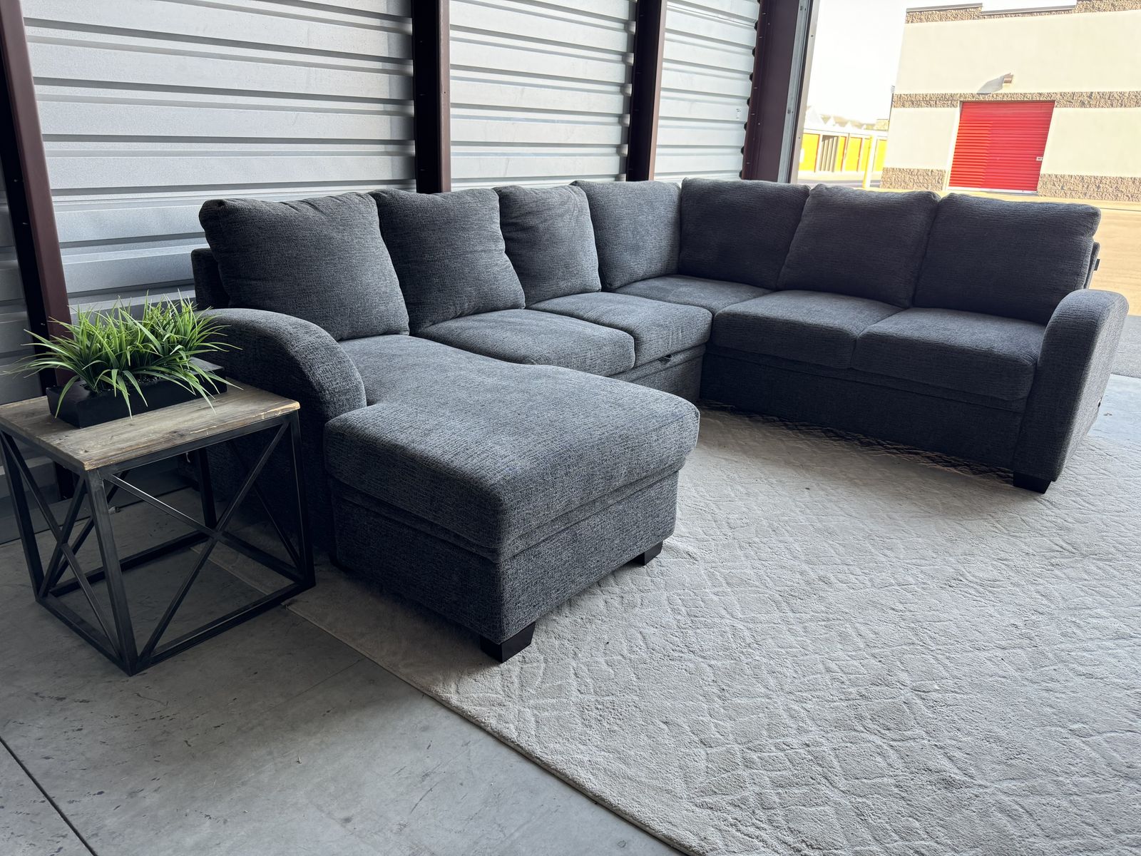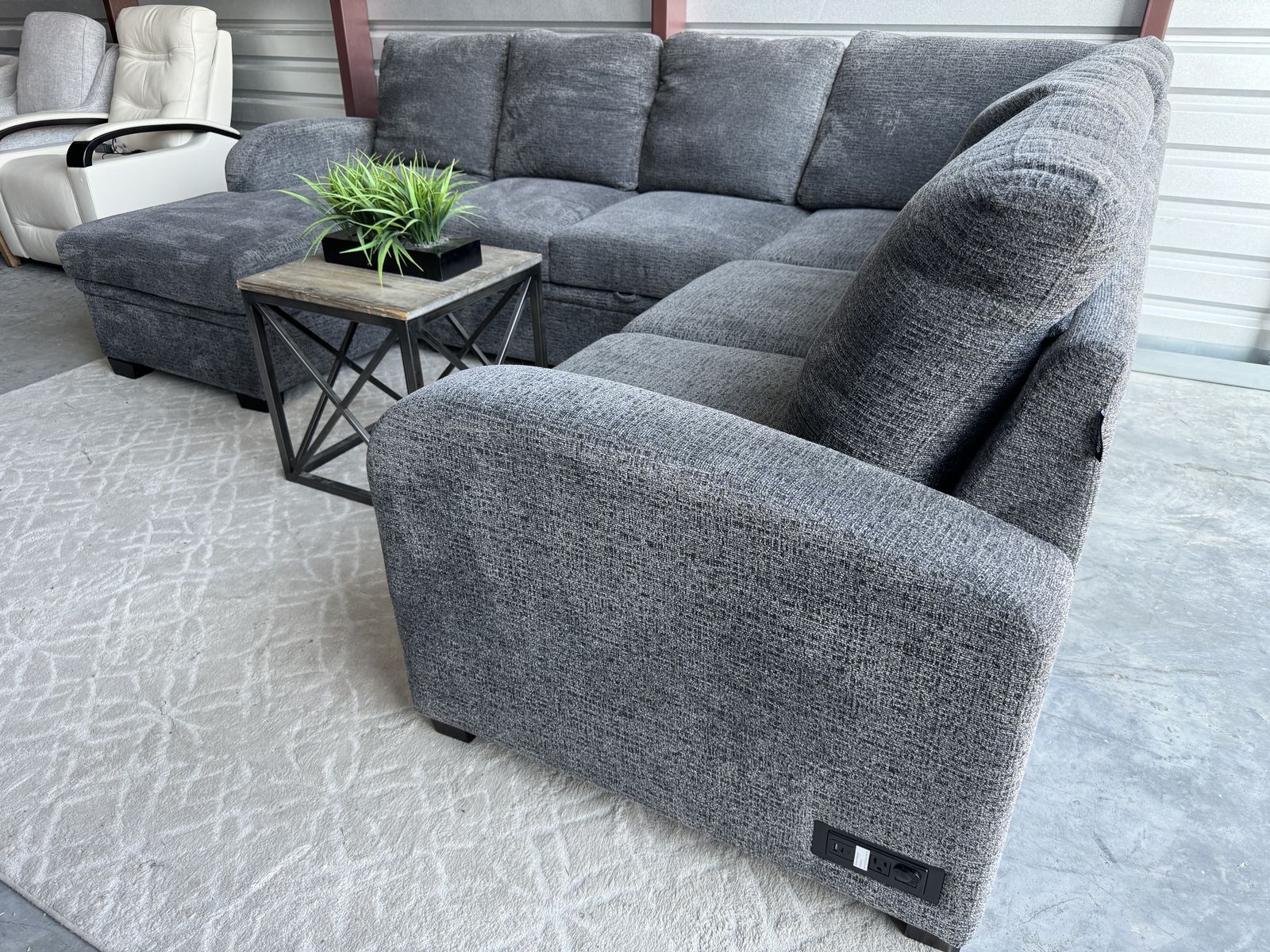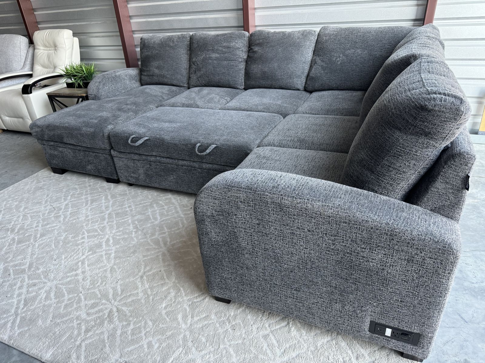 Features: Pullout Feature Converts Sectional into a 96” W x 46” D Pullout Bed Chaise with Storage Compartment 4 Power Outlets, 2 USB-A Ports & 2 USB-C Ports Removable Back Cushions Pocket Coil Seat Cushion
--
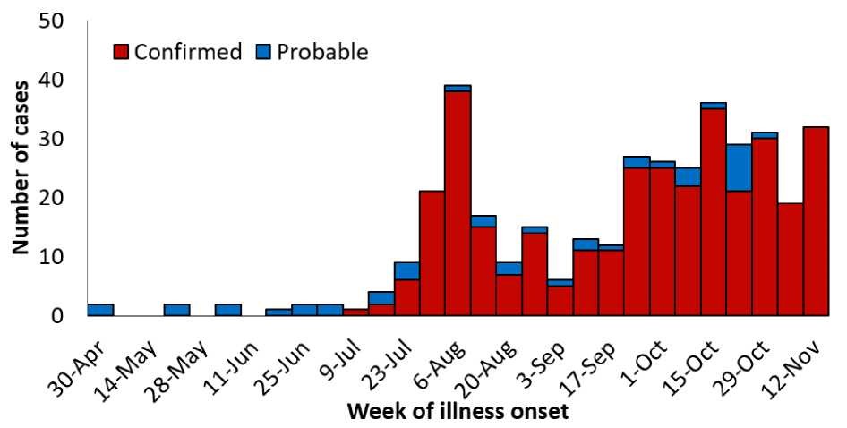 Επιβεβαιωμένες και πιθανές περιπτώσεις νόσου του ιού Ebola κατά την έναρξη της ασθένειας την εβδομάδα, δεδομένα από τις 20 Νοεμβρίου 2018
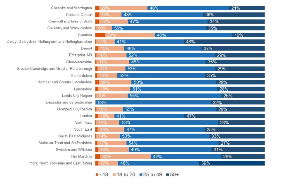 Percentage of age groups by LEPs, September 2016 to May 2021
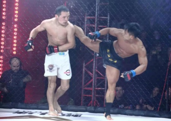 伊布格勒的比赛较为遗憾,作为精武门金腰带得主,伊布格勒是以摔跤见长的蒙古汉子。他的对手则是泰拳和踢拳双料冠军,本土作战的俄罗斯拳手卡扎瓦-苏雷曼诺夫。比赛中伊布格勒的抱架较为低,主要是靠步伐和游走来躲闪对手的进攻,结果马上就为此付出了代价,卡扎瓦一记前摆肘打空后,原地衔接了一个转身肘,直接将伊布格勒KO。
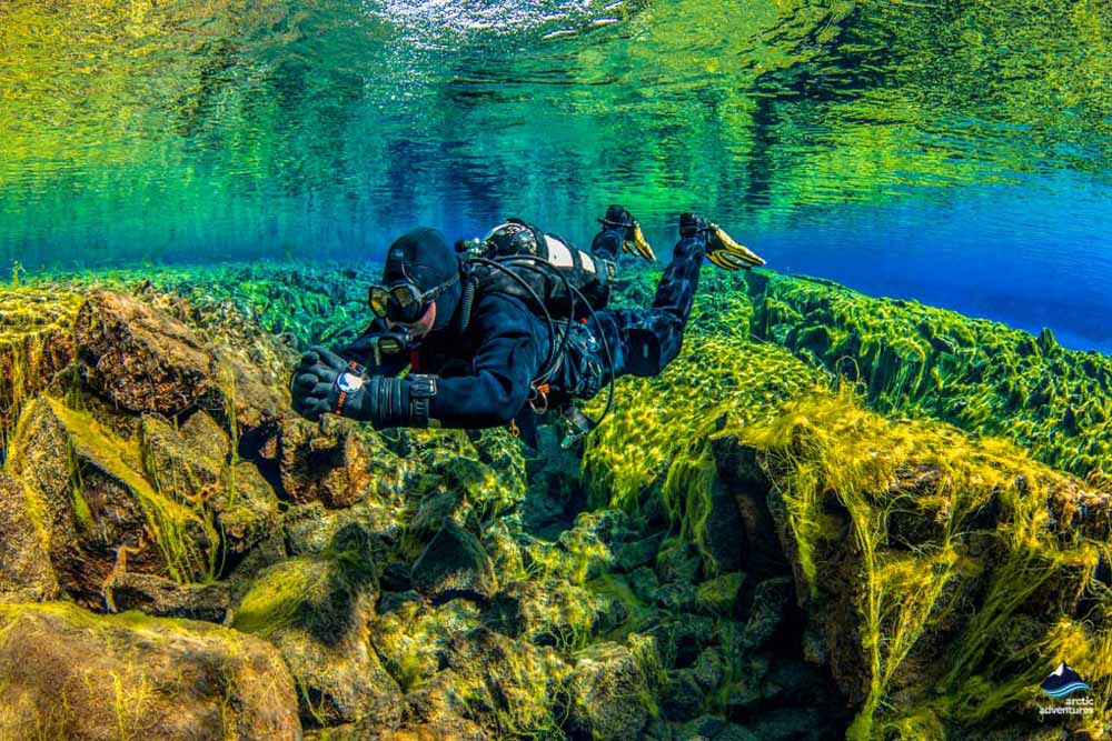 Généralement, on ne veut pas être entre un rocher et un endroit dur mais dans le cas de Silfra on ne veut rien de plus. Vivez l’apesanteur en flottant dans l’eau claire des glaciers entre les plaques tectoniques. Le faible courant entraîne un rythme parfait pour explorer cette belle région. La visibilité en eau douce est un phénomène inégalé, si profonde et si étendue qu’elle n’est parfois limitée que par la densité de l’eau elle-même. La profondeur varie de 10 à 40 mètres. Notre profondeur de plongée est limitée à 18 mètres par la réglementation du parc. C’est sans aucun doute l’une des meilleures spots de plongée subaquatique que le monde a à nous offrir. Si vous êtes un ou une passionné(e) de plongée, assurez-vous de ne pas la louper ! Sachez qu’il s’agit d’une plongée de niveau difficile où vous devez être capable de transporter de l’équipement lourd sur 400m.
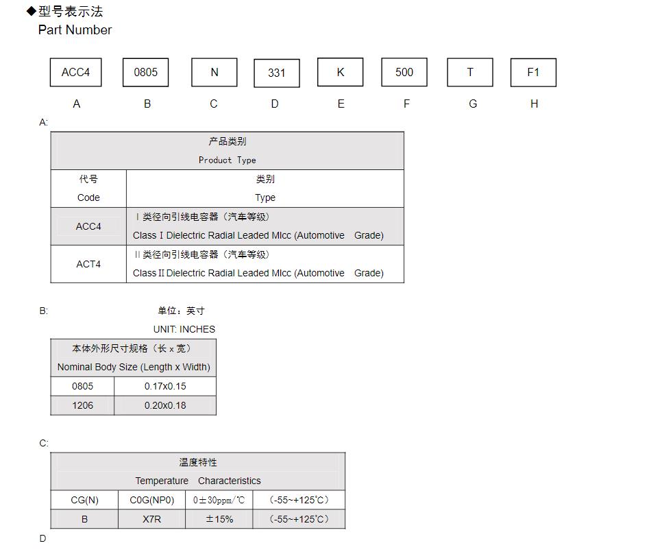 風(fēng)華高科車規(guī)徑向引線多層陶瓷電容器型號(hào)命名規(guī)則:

## REQUIREMENT
Nothing but the lines above from the one that has "Généralement, on ne" down to the one that has "風(fēng)華高科車規(g" belongs in the answer, copied exactly, without pictures.

## ANSWER AREA
 Généralement, on ne veut pas être entre un rocher et un endroit dur mais dans le cas de Silfra on ne veut rien de plus. Vivez l’apesanteur en flottant dans l’eau claire des glaciers entre les plaques tectoniques. Le faible courant entraîne un rythme parfait pour explorer cette belle région. La visibilité en eau douce est un phénomène inégalé, si profonde et si étendue qu’elle n’est parfois limitée que par la densité de l’eau elle-même. La profondeur varie de 10 à 40 mètres. Notre profondeur de plongée est limitée à 18 mètres par la réglementation du parc. C’est sans aucun doute l’une des meilleures spots de plongée subaquatique que le monde a à nous offrir. Si vous êtes un ou une passionné(e) de plongée, assurez-vous de ne pas la louper ! Sachez qu’il s’agit d’une plongée de niveau difficile où vous devez être capable de transporter de l’équipement lourd sur 400m.
 風(fēng)華高科車規(guī)徑向引線多層陶瓷電容器型號(hào)命名規(guī)則:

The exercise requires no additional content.